Threads and Race Condition

Hello everyone.

I was under the assumption that if many threads need to write to the same location in global memory, the scheduler would serialize and protect the integrity of all writes? Such as:


int tx = …;

int ty = …;

int i = threadIdx.x;

// thread i in block (tx,ty) does some calculations to obtain some kind of update value

int val = …;

gmem[tx][ty] += val;


But perhaps my assumption is wrong. I thought the += would work, but it doesn’t?



That is exactly what atomic functions are for. Check out Appendix B.10 of the Programming Guide.

Okay, that makes sense. Is there an atomicAdd method that supports double precision? If not, I’m screwed. Ugh, just read fp one only exists for device 2.0 or higher. I’m at 1.3, so I’m sure that’s a no go.

I might be extrapolating from that code fragment too much, but are you needing to accumulate one double per block? If that is the case, you can do a reduction in shared memory, then have thread 0 write out the sum at the end of the kernel.

I will explain. Each thread block uses x amount of threads to do some calculations and provide an update calculation to the same GMEM location. But a different thread block uses all of its x thread for a different GMEM location than the first thread block I mentioned. So, there’s a problem when each x thread in a given thread block try to += a value in GMEM. Apparently some of the values get stepped on and don’t write properly.

Yes, these are double values I’m updating with.
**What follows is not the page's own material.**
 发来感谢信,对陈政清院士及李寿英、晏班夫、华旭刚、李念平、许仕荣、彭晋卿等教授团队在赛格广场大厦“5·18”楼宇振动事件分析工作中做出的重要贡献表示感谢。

If these were integers, I think I would be okay.

Seibert has a point here. However, if you still need an atomicAdd for double values, try this:

__device__ double atomicAdd(double *address, double value)


	long long oldval, newval, readback;

	oldval = __double_as_longlong(*address);

	newval = __double_as_longlong(__longlong_as_double(oldval) + value);

	while ((readback=atomicCAS((long long *)address, oldval, newval)) != oldval) {

		oldval = readback;

		newval = __double_as_longlong(__longlong_as_double(oldval) + value);


	return __longlong_as_double(oldval);


It works in global memory, but not in shared. Fermi’s float atomicAdd() would of course be a lot faster.
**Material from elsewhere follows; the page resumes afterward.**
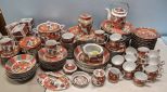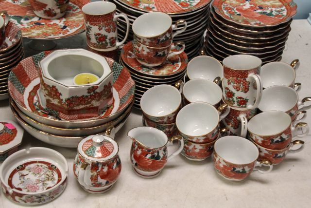 Consists of sixteen plates, three chargers, twelve square dishes, covered jars, teapot, candle holder, creamer/sugar, six mugs, twenty cups, saucers, twelve berry bowls, fourteen salad plates, three vegetable bowls and cake plate Consists of sixteen plates, three chargers, twelve square dishes, covered jars, teapot, candle holder, creamer/sugar, six mugs, twenty cups, saucers, twelve berry bowls, fourteen salad plates, three vegetable bowls and cake plate

Thanks, tera. I will take a look at this.

Yes, that’s my point. The threads which need to communicate (to create a sum of their values) are all in the same block. Threads that need to communicate in the same block => shared memory is your friend. :) A parallel reduction is a fast way to sum many values without requiring atomics, just a thread barrier. Since CUDA provides a very convenient and fast thread barrier for threads in the same block, parallel reduction in shared memory should be pretty quick.

This talk by Mark Harris explains the idea with pictures, although he is focused on a reduction in global memory, which means launching many kernels in a row:…c/reduction.pdf

There is lot of chance that “atomicCAS” spin – causing infinite loops… — It assumes certain behaviour on warp scheduler and warp divergence…
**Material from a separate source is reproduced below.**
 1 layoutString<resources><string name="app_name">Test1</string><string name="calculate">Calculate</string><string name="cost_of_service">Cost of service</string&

I have seen such deadlocks before…

I can only see that it could livelock, I don’t see how it could cause a deadlock.

Do you have a better solution?

Even simpler, if the sum at the end of your kernel is insignificant compared to the rest of the kernel runtime, you can even make thread 0 do the shared memory sum all by itself. No point in making your code prematurely complicated for a 5% speed boost.

:shock: The same problem also occurs to my code. could you explain a bit more on the assumption that atomicCAS makes on the warp schedular’s behavior and the divergence?